# [Task directions]
Apart from the pictures, output all of the records exactly.

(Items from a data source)
══════════

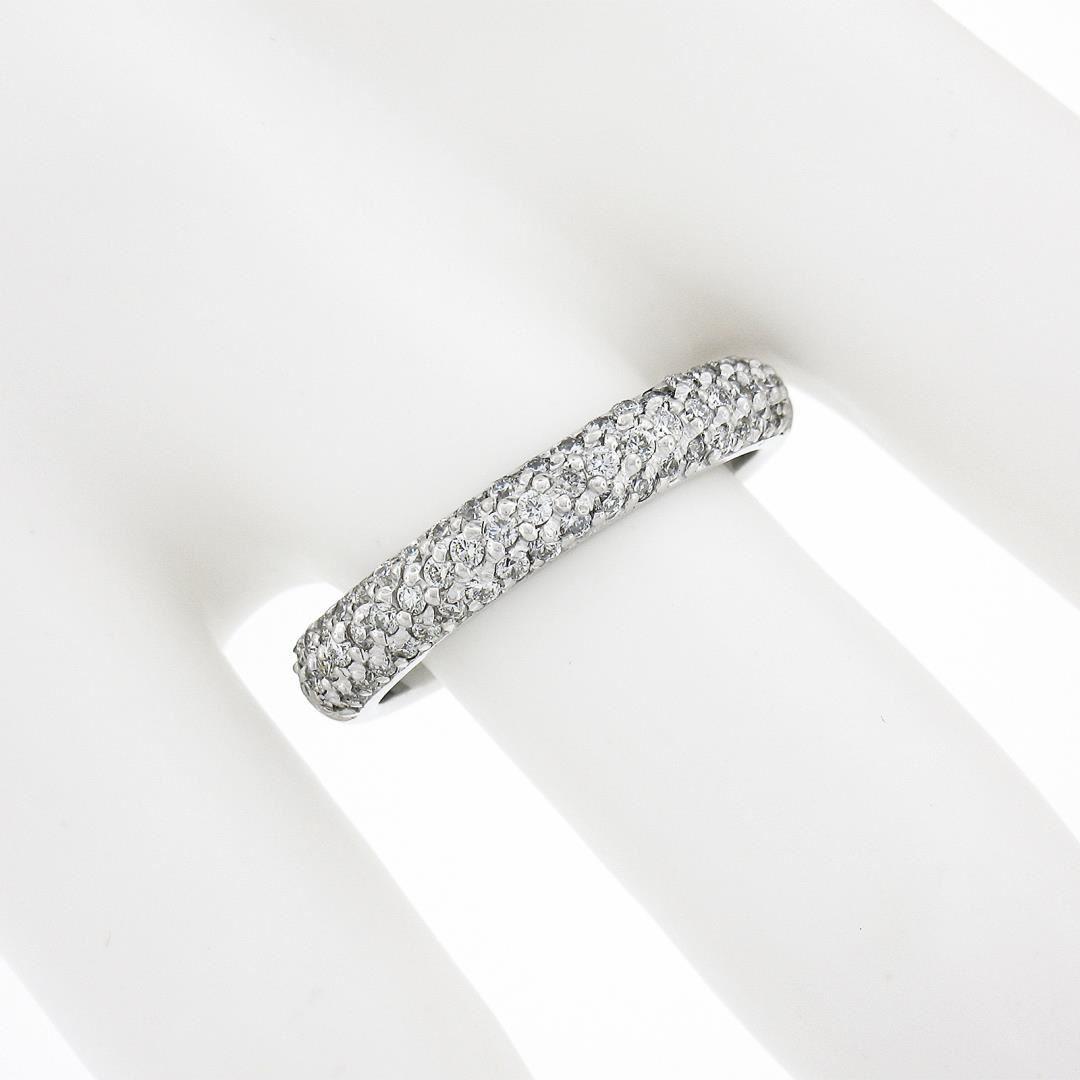 A solid 14k white gold 3 row stack band ring, with 61 round brilliant cut natural diamonds (G/H - SI1/SI2 ; 0.60ctw). The ring is size 7.0, weighs a total of 4.05 grams, and measures 3.7mm wide.
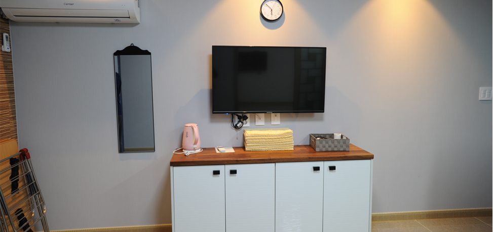 | 객 실 | 냉장고, 에어컨, TV 2대, 침구셋트, 이불장,선풍기, 공기청정기, 와이파이, 드라이기, 고대기, 빨래건조대 |
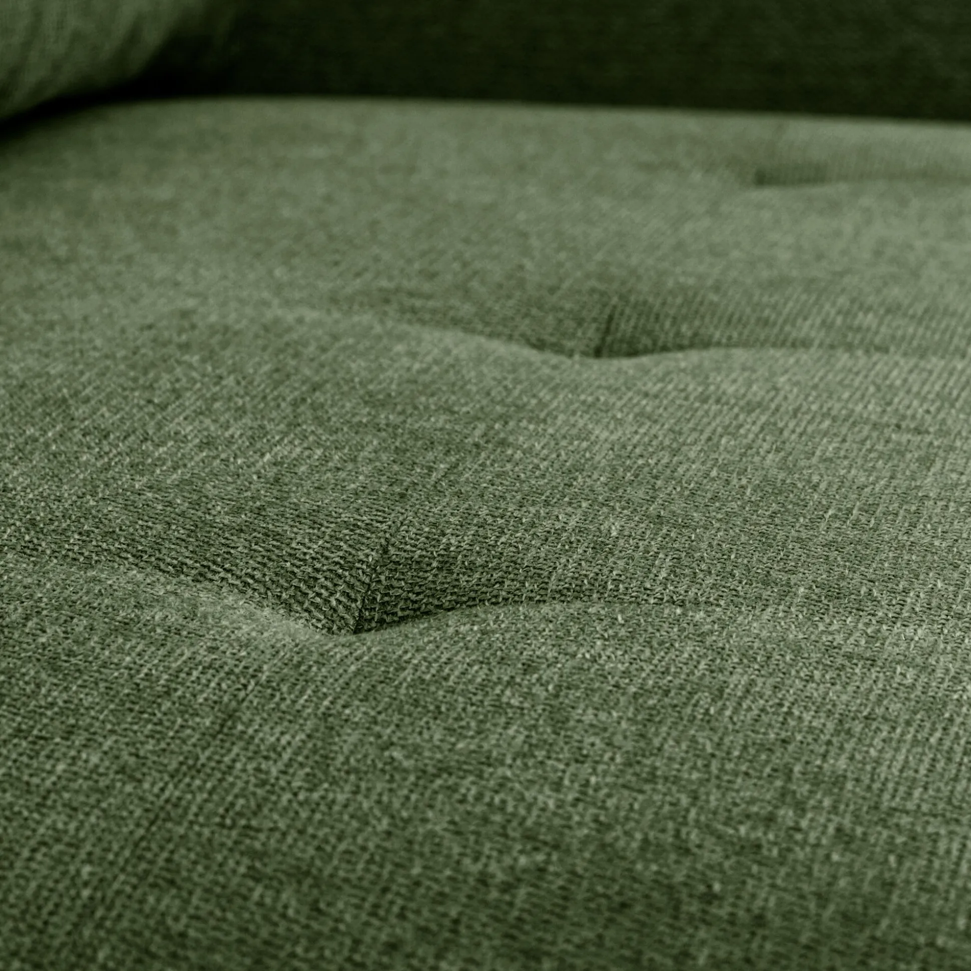Pensé pour s’adapter à chaque intérieur, ce canapé d’angle réversible permet de choisir l’orientation de son angle, à gauche ou à droite, selon les envies et l’agencement de la pièce. Sa structure en bois accueille une assise en mousse généreuse, complétée par trois coussins de dos qui offrent un soutien optimal aux lombaires et aux épaules. Son revêtement en tissu tramé vert, à la fois profond et naturel, habille ce canapé d’une élégance intemporelle. Non déhoussable, il repose sur des pieds en bois de hêtre qui renforcent son allure chaleureuse et naturelle. Compact avec ces 192 cm de long, ce canapé d’angle 3 places fabriqué en Roumanie est idéal pour conjuguer style et confort au quotidien, même dans un petit salon.
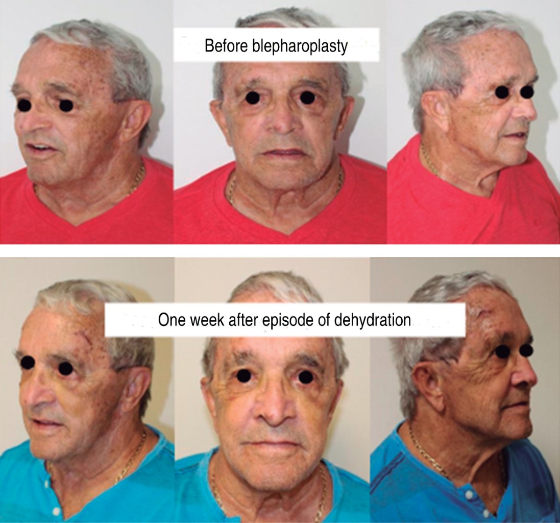 - • Case 2. An 81-year-old male patient from Quebec, Canada, suffered from high blood pressure with good control and underwent blepharoplasty, which was performed without complications. Three days later, the patient went to the emergency room for heat stroke. He received intravenous hydration. The patient did not speak English or Spanish. The indications were not clear, and he understood that he should not bathe and should not stay in places with air conditioning. At the time of discharge from the emergency room, the information was explained with the help of a translator. The evolution of the patient´s conditions was followed without any complications (Figure 2).
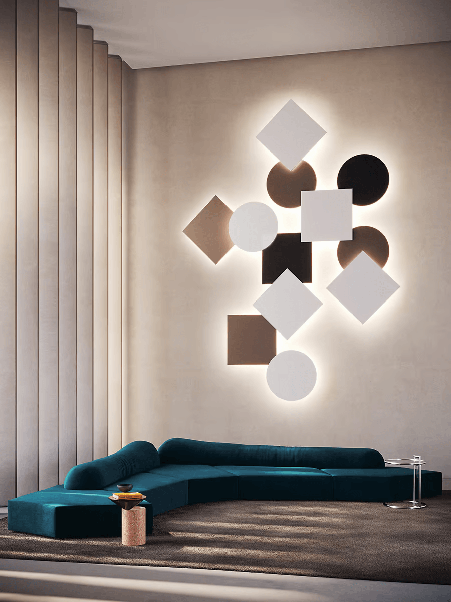 Крупные геометрические фигуры с простыми строгими формами, которые почти полностью сливаются с архитектурой интерьера, когда они выключены. Но стоит их включить, как вы увидите неожиданную и гармоничную игру света и тени. Светильники Puzzle Mega позволяют декорировать светом стены и потолки.

══════════

# [Exercise output]
 A solid 14k white gold 3 row stack band ring, with 61 round brilliant cut natural diamonds (G/H - SI1/SI2 ; 0.60ctw). The ring is size 7.0, weighs a total of 4.05 grams, and measures 3.7mm wide.
 | 객 실 | 냉장고, 에어컨, TV 2대, 침구셋트, 이불장,선풍기, 공기청정기, 와이파이, 드라이기, 고대기, 빨래건조대 |
Pensé pour s’adapter à chaque intérieur, ce canapé d’angle réversible permet de choisir l’orientation de son angle, à gauche ou à droite, selon les envies et l’agencement de la pièce. Sa structure en bois accueille une assise en mousse généreuse, complétée par trois coussins de dos qui offrent un soutien optimal aux lombaires et aux épaules. Son revêtement en tissu tramé vert, à la fois profond et naturel, habille ce canapé d’une élégance intemporelle. Non déhoussable, il repose sur des pieds en bois de hêtre qui renforcent son allure chaleureuse et naturelle. Compact avec ces 192 cm de long, ce canapé d’angle 3 places fabriqué en Roumanie est idéal pour conjuguer style et confort au quotidien, même dans un petit salon.
 - • Case 2. An 81-year-old male patient from Quebec, Canada, suffered from high blood pressure with good control and underwent blepharoplasty, which was performed without complications. Three days later, the patient went to the emergency room for heat stroke. He received intravenous hydration. The patient did not speak English or Spanish. The indications were not clear, and he understood that he should not bathe and should not stay in places with air conditioning. At the time of discharge from the emergency room, the information was explained with the help of a translator. The evolution of the patient´s conditions was followed without any complications (Figure 2).
 Крупные геометрические фигуры с простыми строгими формами, которые почти полностью сливаются с архитектурой интерьера, когда они выключены. Но стоит их включить, как вы увидите неожиданную и гармоничную игру света и тени. Светильники Puzzle Mega позволяют декорировать светом стены и потолки.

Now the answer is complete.